Additionally, I have tens of thousands photographs of many of these people and many others from the world of the arts, who visited, hung out, ate and slept at my Rhinebeck farm, vacation home, with my family and friends, taken by my wife. Yesterday, from one of my wife's photo albums (not just from the farm, but all over the world where she traveled as part of her work and encountered them all on tour), I showed my granddaughter photos of her father when he was 4, in the arms of Bob Dylan, accompanied by Rick Danko, Stevie Winwood and Bob Hite, all five with faces covered by honey cream icing from one of my grandmother's stolen cakes they devoured on my porch, and getting scolded by my grandmother, desperately trying to keep straight faces. Even tho she's performed covers of songs by all of them, she recognized none of them. She thought my grandmother was my mother, her father her much older cousin, and none of the other guys. She's heard of them all but couldn't make the visual connections. I wasn't there that day, working instead as an NYPD detective. Arriving later that evening, after dinner, playing my 12 string with all of them near our fireplace in the parlor, drinking ales and beers. The next evening Dylan and Pete Seeger got in a fist fight (neither could throw a punch) over the last dumpling of the night. My grandmother punished them both by making them do the dishes, mop up the dining room and kitchen. They couldn't stop laughing. Bob was the darling of the music world, Pete was Pete, two living legends and with no respect for either she had them in aprons mopping up. Of course when they finished, they stole cake. To me, it is all like yesterday and the day before. My life.

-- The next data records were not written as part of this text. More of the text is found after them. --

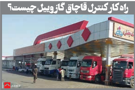
راه کار کنترل قاچاق گاز ویل چیست؟

از اجرای FATF داخلی گرفته تا واگذاری تمامی بنگاه های دولتی!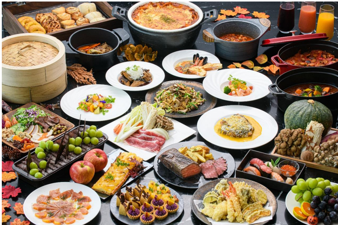
4階buffeレストラン「Daily Social (デイリーソーシャル)」の秋限定buffe 料理イメージ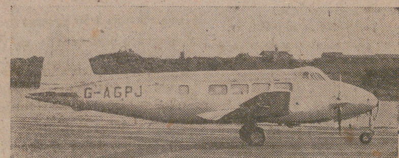
He aquí a un nuevo avión de transporte para el servicio civil. Se trata del de Havilland Dove, transporta ocho pasajeros pudiendo desarrollar una velocidad de 160 millas p. h.

El ministro de 200 litros por habitante y día, hasta una población de 70.000 habitantes, sólo son necesarios seis millones de metros cúbicos como máximo. Las aguas proceden de una cuenca granítica perfecta y son de tan buena calidad como las del Lozoya de Madrid.—CIFRA.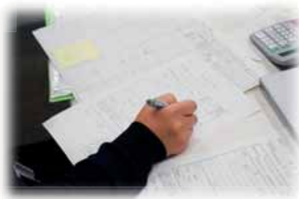
あんかけ焼きそばとエビチリですね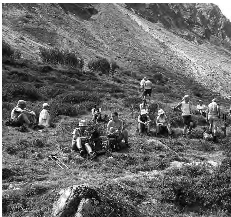
Verdiente Pause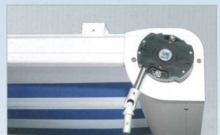
Kurbelbedienung als Option möglich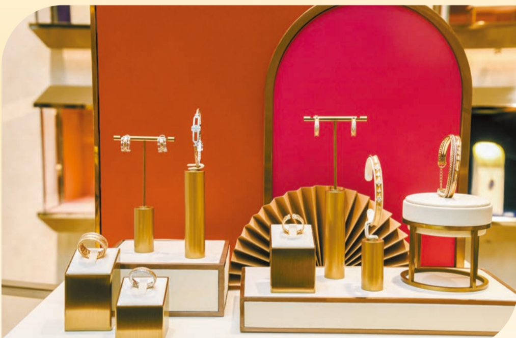
意大利工藝級珠寶系列。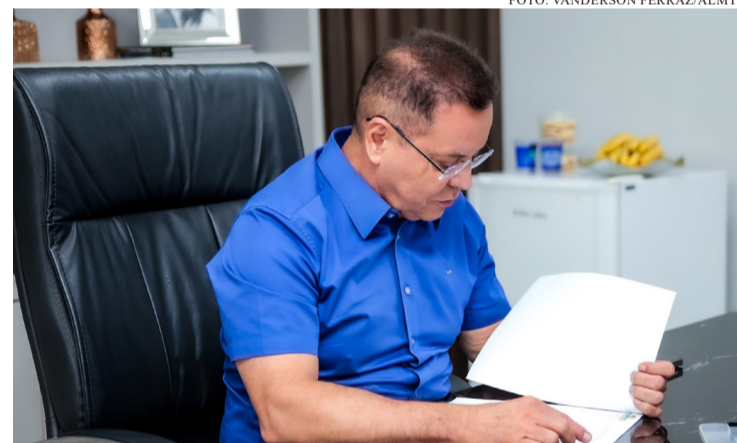
BOTELHO APOSTA NO CACAU E EM NOVAS CULTURAS PARA VALORIZAR PEQUENOS PRODUTORES

O deputado estadual Eduardo Botelho (União Brasil) reforça seu compromisso com a agricultura familiar, liderando ações para diversificar a produção e ampliar a renda dos pequenos produtores em Mato Grosso. Uma das iniciativas em destaque é a introdução do cultivo de cacau, que tem apresentado alto rendimento em outros estados e agora surge como uma alternativa promissora para o campo mato-grossense.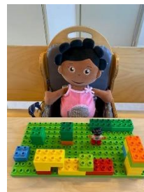
met duplo bouwen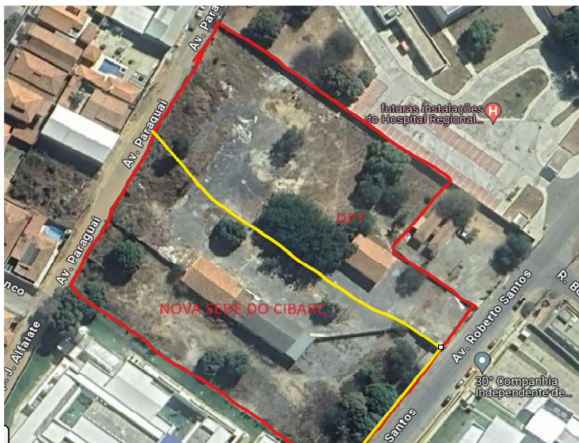
Figura 6 Vista aérea da área compartilhada entre o CIBARC (esq.) e a DPT (dir.) Marcação em amarelo da futura instalação do GRADIL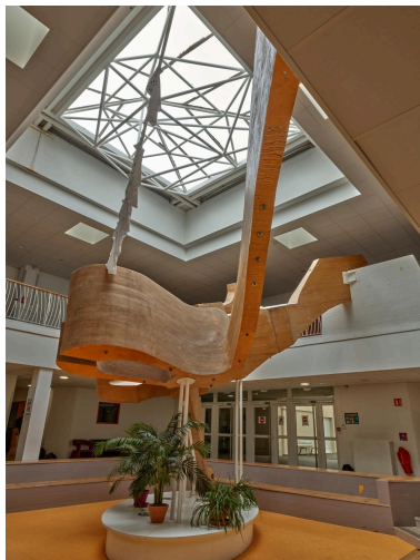
Vue d'ensemble en 2025 IVR84_20250300296NUC4A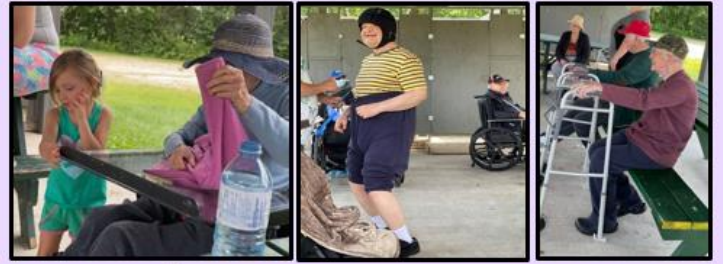
Les Résidents du CHSLD Pontiac « Manoir Sacré Cœur » ont profité de la belle journée et d'un bon dîner en pique-nique au parc.

These days, I mostly listen to my grandkids and their friends, new friends drawn by the music, and tho I thoroughly enjoy the current generation, and previous generations for their own explorations and evolutions, I see another great generation of music coming our way. I hope we are all alive and open to enjoying it all.
I am also an Incredible String Band fan and they were not there in 1966. They were relatively unknown then. They played Flushing Meadows in 1969.
The Dead were not there either.
Shows by Date | Grateful Dead
Neither were the Airplane.
Jefferson Airplane | Concerts Wiki | FANDOM powered by Wikia
Kesey was in California in 1966
Please post some of those pics.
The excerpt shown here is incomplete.